"Compared to the alternatives the author suggests? Ruby and Python combined are doing less than Perl. PHP is the runaway favorite [w3techs.com], but if you dig into the numbers, you'll find that most of the change is due to Content Management Systems which by and far have been developed on PHP. So these massive zomfg numbers PHP is pulling in isn't due to people programming with it as much as they are copy-pasting it en masse."
Yes, because somehow all of those PHP sites are running 'copy-pasted' code and all those Perl sites are running custom code ... you're clawing at straws here. These sites are using PHP because obviously it's the better choice. It's just as easy to 'copy-paste' a Perl CMS as a PHP CMS. However, nobody's doing that, judging by the numbers.
And then again: 'copy-pasting' as you call it is a perfectly legitimate reuse of code. I'd rather call it installing a tried-and-proven system. Ever heard of DRY and not trying to reinvent the wheel?
Regarding the unnoticed custom back-end stuff: PHP does fine on CLI. I've loads of PHP scripts running as cronjobs. BASH scripts as well. No Perl. Why not? Not because I can't program Perl, it's because the syntax is so head-splittingly different from the whole C family AND (here it comes) Perl has _absolutely_ no advantage over either PHP/CLI for database batch jobs and such or BASH for shell scripting. It might be faster than PHP, but on batch jobs involving large datasets your database is always going to be the bottleneck, so who cares?
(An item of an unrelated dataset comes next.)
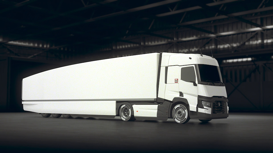L’aerodinamica del convoglio verrà ottimizzata, in particolare attraverso l’implementazione di un rimorchio a geometria variabile. Il rimorchio «adattativo», sviluppato da Fruehauf in collaborazione con Styl’Monde, dovrebbe assumere automaticamente una forma ottimizzata sfruttando lo spazio libero di carico, grazie a un sistema integrato di controllo-comando e di sensori. Anche l’aerodinamica della motrice verrà migliorata con la sostituzione dei retrovisori con videocamere e un nuovo design del primo montante della cabina (oggetto di una tesi di dottorato condotta dal Laboratorio di meccanica dei fluidi e di acustica della Scuola Centrale di Lione). Interventi anche sul flusso d’aria con l’estensione della parte anteriore e della parte bassa delle portee con il miglioramento degli archi delle ruote. Infine, le carenature laterali saranno allargate e realizzate con un materiale flessibile (prodotto da Polyrim), così come l’estensione dei deflettori laterali che creeranno continuità tra trattore e semirimorchio.

Perl has been at a standstill compared to PHP and other scripting languages. I know PHP is not very popular here on slashdot but it has made some pretty serious advances in the last few years. Decent frameworks like Zend, Symfony and Laravel have made develop very much quicker. Stuff like Doctrine and Propel ORM's have given PHP access to some pretty powerfull data modelling and storing/retrieving methods. Integration of Solr and Varnish have given it very fast searching and caching solutions. And finally, whilst PHP consistency in syntax still sucks (stuff like function arguments and naming are terrible) improvements to the OO capabilities in PHP5 have taken away a lot of the rough edges it once had.